Classifying the classifier: dissecting the weight space of neural networks

TL;DR

This study explores the high-dimensional weight space of neural networks by training meta-classifiers to identify training setup properties from weight patterns, offering new insights into model interpretability and a large dataset for future research.

Contribution

It introduces a novel approach using deep meta-classifiers to analyze neural weight space and provides a large dataset for further exploration.

Findings

Meta-classifiers can identify training hyper-parameters from weight patterns.

Weight space contains discernible signatures of training variations.

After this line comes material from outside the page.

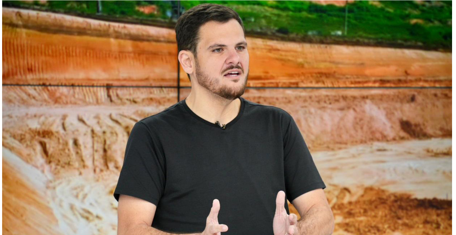
Prefeito Renato Junior anuncia novo secretário da Semed e prioridades estratégicas para mobilidade, infraestrutura e educação

Durante entrevista, o chefe do Executivo municipal destacou que a gestão municipal atuará de forma integrada em todas as áreas, com atenção prioritária em infraestrutura urbana, mobilidade e limpeza pública, sobretudo após o período chuvoso

The approach enhances explainability of neural network training processes.

Abstract

This paper presents an empirical study on the weights of neural networks, where we interpret each model as a point in a high-dimensional space -- the neural weight space. To explore the complex structure of this space, we sample from a diverse selection of training variations (dataset, optimization procedure, architecture, etc.) of neural network classifiers, and train a large number of models to represent the weight space. Then, we use a machine learning approach for analyzing and extracting information from this space. Most centrally, we train a number of novel deep meta-classifiers with the objective of classifying different properties of the training setup by identifying their footprints in the weight space. Thus, the meta-classifiers probe for patterns induced by hyper-parameters, so that we can quantify how much, where, and when these are encoded through the optimization process. This provides a novel and complementary view for explainable AI, and we show how meta-classifiers can reveal a great deal of information about the training setup and optimization, by only considering a small subset of randomly selected consecutive weights. To promote further research on the weight space, we release the neural weight space (NWS) dataset -- a collection of 320K weight snapshots from 16K individually trained deep neural networks.